Nous venons de vivre un colloque sur la Parole de Dieu. Parole de Dieu veut dire que Dieu parle, et nous sommes invités à l’écouter. Dans le mystère de l’Incarnation, la Parole s’est faite chair pour nous. La Parole n’est plus seulement audible, elle n’est plus seulement une voix, elle a un visage, elle est une personne, Jésus ! En nous approchant du Christ, nous sommes invités à entrer en dialogue, en conversation avec Dieu. Notre mission dans le monde est de permettre un dialogue entre Dieu et les hommes, et par conséquence entre les hommes entre eux. N’ayons pas peur d’inviter nos proches à chercher l’essentiel, à s’approcher de la Parole de Dieu. Nous ne pouvons le faire qu’en entrant nous-mêmes dans un véritable dialogue avec le Christ.

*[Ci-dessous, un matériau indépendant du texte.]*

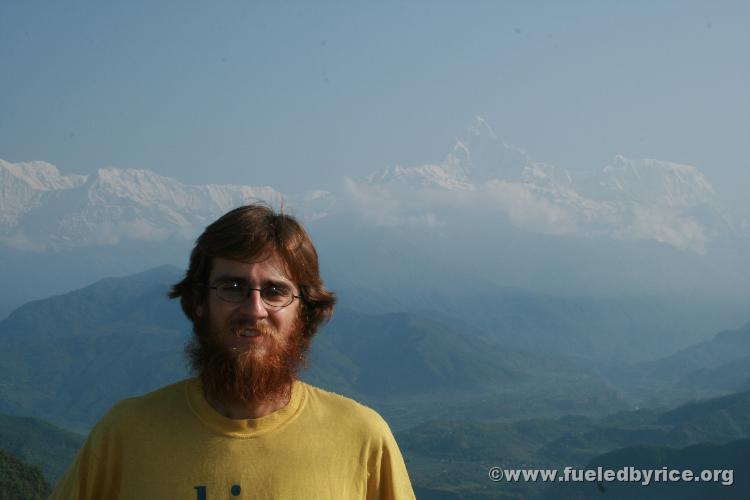 Nepal, Pokhara - Peter and the Anaupurna Himalayan range, with Fishtail mountain spiking up
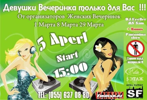 Əziz Xanımlar! Əgər siz birlikdə günivizi şən kecirmək istəyirsizsə, onda hamınızı "Lady`s Party" 4 gecəsinə dəvət dirik! Həmcinin sizləri şou parodiya tanınmış mügənnilərə gözləyir! Oğlanlara qiriş qəti qadagandır!
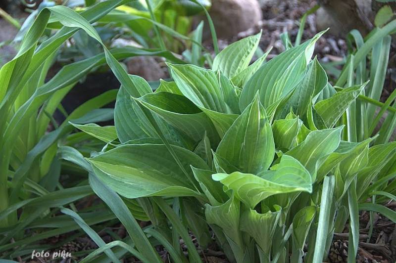 Rozmiar ML (50-60 cm wys.) Liście: podłużne, dobrej substancji; lekko falujący, szeroki niebieskozielony margines oddzielony jest od jaśniejszego, żółtozielonego centrum cienką biała linią Kwiaty: lawendowe Zalecane stanowisko: półcień
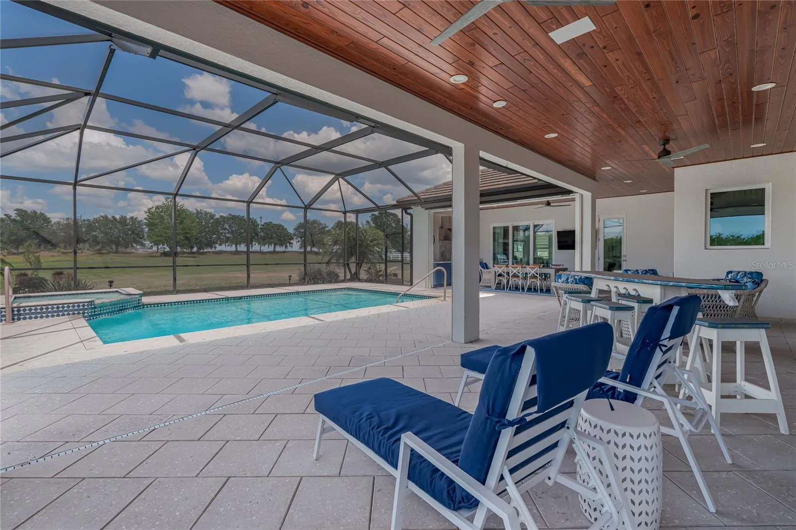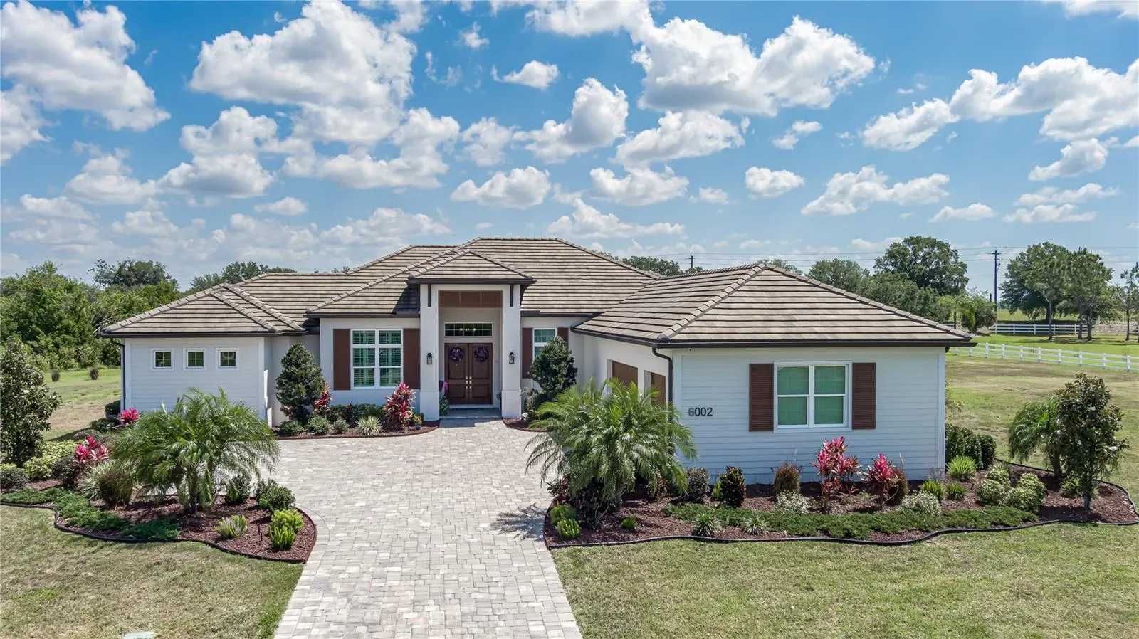 Welcome to 6002 Paddock Circle, a stunning, bright, cheerful and practically new custom-built single-story home in family-friendly Parrish, FL on 6.11 lush private acres! This 3-bedroom, 3-bathroom home in Foxbrook was meticulously designed and welcomes you with an electric gate and a long, luxurious, paver driveway setting it back from the road. The solid wood double entry doors open to an expansive open floor plan that boasts strikingly beautiful 12’ tray ceilings with crown molding and engineered hardwood flooring throughout the living area – it truly delivers a unique wow factor. The kitchen is a chef’s delight offering premium stainless-steel appliances including a dual-zone wine fridge, double oven, microwave drawer, and even a reverse osmosis water purifier. Added features are an inviting eat-in kitchen, a fabulous high-top breakfast bar, elegant stone countertops, beautiful cabinetry, and a large walk-in pantry! The home also boasts a spacious family / bonus room with a beautiful view as well as a private study. The family / bonus room has pocket sliders, the living room, dining room and primary bedroom French doors that all extend to a spacious outdoor screened lanai, patio, and pool / hot tub area. This outdoor space includes a sizeable outdoor kitchen with built-in gas grill, two TVs, and an outdoor beverage chiller. All these amenities make it a perfect setting for entertaining large gatherings or having a peaceful and quiet day at the pool. Retreat to the luxurious primary suite which serves as a sanctuary, showcasing a spa style walk-in shower with dual rain shower heads, two expansive walk-in closets, and a flex room that can serve as a reading room, an office, a nursery, a private TV room or whatever suits your needs. The air-conditioned three-car garage makes it a perfect place to set up a workout area or workshop. This spectacular property is even zoned for horses and neighbored by a conservation area, ensuring privacy. Foxbrook HOA amenities include a picnic area, playground, basketball court and fishing for residents. There is no CDD fee. Schedule your private showing soon!
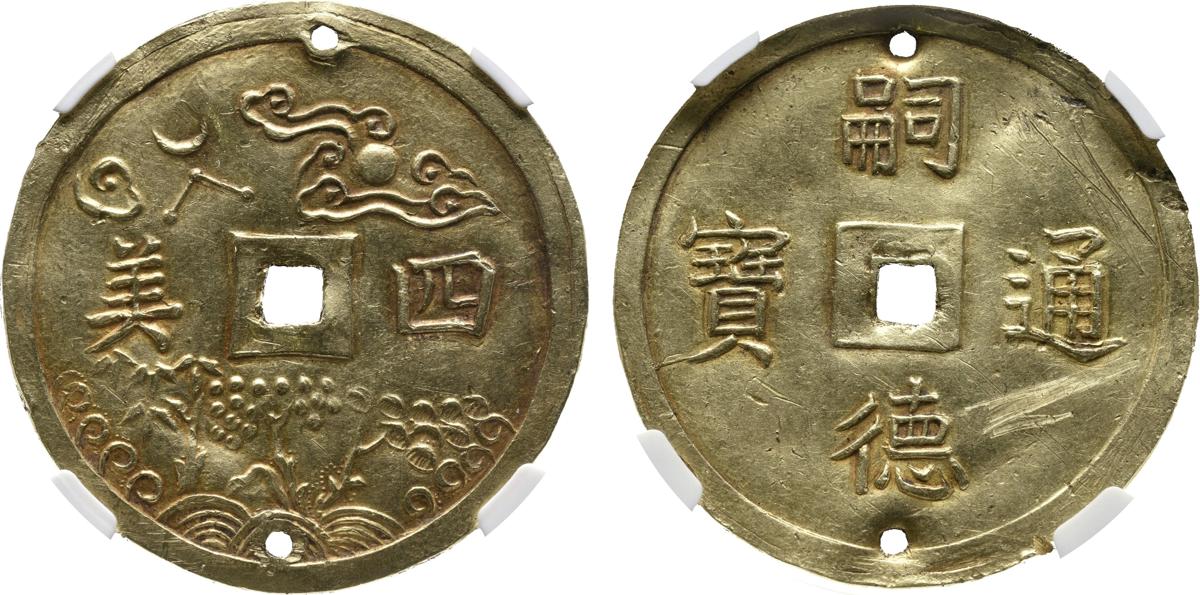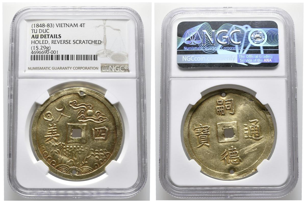 VIETNAM. Tu Duc. 4 Tien. 1843-1883. Annam. A/ "TU DUC THOUG BAO" alrededor de la perforación central. R/ "TU MY" alrededor de la perforación central. Certificado por NGC 4696690-001. Km#533; Sch-409.1. Au. Dos perforaciones habituales en estas piezas para ser usadas como decoración orifical y rayas en reverso. MBC+. Rara.

L’autre évènement est l’annonce de la béatification du Pape Jean Paul II, qui aura lieu le dimanche 1er mai, dimanche dit de la miséricorde. Cette annonce est accompagnée de la reconnaissance de la guérison de Sœur Marie-Simon-Pierre, religieuse des maternités catholiques. Le Pape n’est pas béatifié d’abord parce qu’il a été un grand penseur, un grand organisateur, ou un grand stratège. Mais en raison surtout de l’authenticité de sa vie. Il est resté fidèle jusqu’au bout à la vérité de l’Evangile. Cette authenticité a bouleversé le monde entier. La reconnaissance d’une guérison est une manière d’affirmer que Dieu agit dans l’histoire et la vie concrète des hommes. Le croyons-nous ?
L’instabilité de notre société produit l’angoisse qui conduit à la violence. Il me semble que redonner place à un vrai dialogue avec Dieu, ce qui est une manière de nous situer à notre juste place, faire le choix de la confiance et de l’espérance car Dieu ne nous abandonne pas : « vos cheveux sont tous comptés » nous dit Jésus, (Lc 12, 6) et entrer dans l’exigence de la cohérence de nos comportements constitue la véritable réponse à cette angoisse. Je vous invite à accueillir ces évènements comme un appel à nous laisser transformer par la Parole de Dieu, à renouveler notre confiance et à vivre une vie chrétienne authentique.